Succession d’un handicapé : opposition à l’action en récupération du département
Devenue handicapée à la suite d’un accident de la circulation, une personne a été hébergée dans un foyer d’accueil médicalisé du 1er juillet 2009 jusqu’à son décès le 22 septembre 2014.
Le 19 mai 2017, le président du conseil départemental du Nord notifie à la sœur de la personne décédée, en sa qualité d’héritière de la bénéficiaire, sa décision de récupérer sur la succession la somme de 270 654,47 € au titre de l’aide sociale versée pour la prise en charge de ses frais de séjour et d’hébergement dans le foyer d’accueil. L’héritière saisit alors la juridiction d’aide sociale compétente, sollicitant le bénéfice de l’article L. 344-5, 2°, du code de l’action sociale et des familles pour s’opposer au droit de recouvrement du département. Ce texte prévoit notamment que les frais d'hébergement et d'entretien des personnes handicapées accueillies dans un établissement spécialisé sont à la charge, à titre principal, de l'intéressé lui-même et, pour le surplus éventuel, de l'aide sociale sans qu'il y ait lieu à l'application des dispositions relatives au recours en récupération des prestations d'aide sociale lorsque les héritiers du bénéficiaire décédé sont son conjoint, ses enfants, ses parents ou la personne qui a assumé, de façon effective et constante, la charge du handicapé.

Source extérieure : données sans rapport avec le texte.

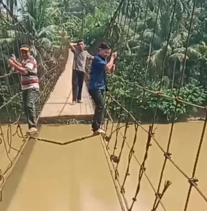 Viralnya Jembatan Desa Limbur Merangin banyak pelajar, guru, pejabat, Anggota DPRD menyeberang dan di vidiokan hingga menjadi perbincangan ditengah masyarakat sampai ke luar provinsi Jambi.
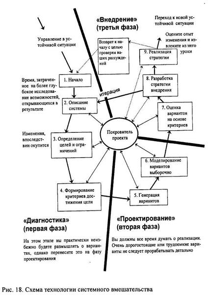 Модель диагностики Надлера - Ташмена можно использовать на каждом из этапов осуществления изменения для определения того, какие задачи необходимо решить на каждом из них, а затем оценить последствия изменения. Существует множество подходов к планированию и осуществлению изменений. Рассмотрим те из них, которые получили более широкое распространение, чем другие: системную технологию вмешательства, организационное развитие и методологию «мягких» систем. Для ситуаций относительно ограниченных изменений, когда ни один из факторов не является доминирующим, когда значения параметров «эмоциональная вовлеченность» и «техническая сложность» уравновешивают друг друга, а ситуация сравнительно близка к ограниченной, особенно успешно применяется метод управления изменениями, который называется «Системная технология вмешательства (СТВ)». Технология состоит из системы задач принятия решений, которые связаны между собой и решение которых осуществляется с использованием «жестких» моделей и методов принятия решений, хотя сама технология организована как некоторый процесс, что является характерным для большинства «мягких» методов. Процесс СТВ является коллективным и требует для разработки и реализации решений командной работы. Деятельность по управлению изменениями согласно методу СТВ делится на три в ряде случаев пересекающиеся между собой фазы: 1) диагностику; 2) проектирование; 3)внедрение - и представляет собой итерационный процесс, не сводящийся к линейному (см. рис. 18). Метод СТВ не представляется как строго детерминированная последовательность шагов, и этим он не похож на традиционное инженерное планирование проектов. Модель СТВ - это циклическая модель, организованная или как последовательное движение по циклу, или как заданный итеративный процесс (например, по принципу «два шага вперед, один назад»). Использование метода СТВ предполагает наличие участника с особой ролью - «покровителя» проекта, а также особую организацию отношений между ним и командой, осуществляющей изменения. Метод СТВ реализует подход «сверху - вниз» во главе с «покровителем» проекта, используя при этом сильные стороны системного подхода. Основное отличие СТВ от других подходов заключается в том, что, рассматриваю ситуацию как систему проблем, переходят к системе целей, критериев, оценок, моделей и т.д. с выходом на систему вариантов конечных решений. Процесс планирования неотделим от процесса реализации, поэтому продуктом СТВ является внедрение командой построенных ею систем. Любая фаза или шаг процесса СТВ предполагает их согласование с «покровителем» проекта и поддержку руководства. Не рекомендуется задерживаться на отдельных шагах: в случае необходимости всегда можно вернуться. Существенную роль в формировании различных систем в методе СТВ играют политические процессы и организационная культура, а также влияние неопределенности окружающей среды и вовлечение в процесс других участников (например, общественности). Разработка стратегии внедрения осуществляется по той же схеме, что и сам процесс изменения (см. рис. 18). СТВ - это творческий процесс с чередованием циклов дивергентного (расходящегося) и конвергентного (сходящегося) мышления. Заметим, что если процесс СТВ организован в соответствии с рекомендациями, то в соответствии с пе

Sur ce dernier point, la deuxième chambre civile signale que « la charge effective et constante (…) s’entend d’un engagement régulier et personnel de l’héritier auprès de la personne handicapée, placée en établissement, tant d’ordre matériel qu’affectif et moral ».

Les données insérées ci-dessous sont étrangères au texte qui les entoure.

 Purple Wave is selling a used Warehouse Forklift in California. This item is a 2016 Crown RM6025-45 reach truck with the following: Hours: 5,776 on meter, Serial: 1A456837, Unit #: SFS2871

L’héritière démontrait, en l’occurrence, qu’elle s’était occupée de sa sœur pendant les 25 années suivant l’accident. Cependant, la cour d’appel avait considéré que « cette assistance, qui relève de l’attachement familial et de la loyauté entre membres d’une même famille, ne peut avoir pour conséquence de faire échec à l’action en récupération exercée par le département ». La cour n’avait par conséquent que partiellement accueilli la demande de l’héritière, à hauteur de 90 000 €. Cette solution est censurée par la haute juridiction, qui laisse entendre que la piété familiale ne saurait faire échec à la pleine application de l’article précité.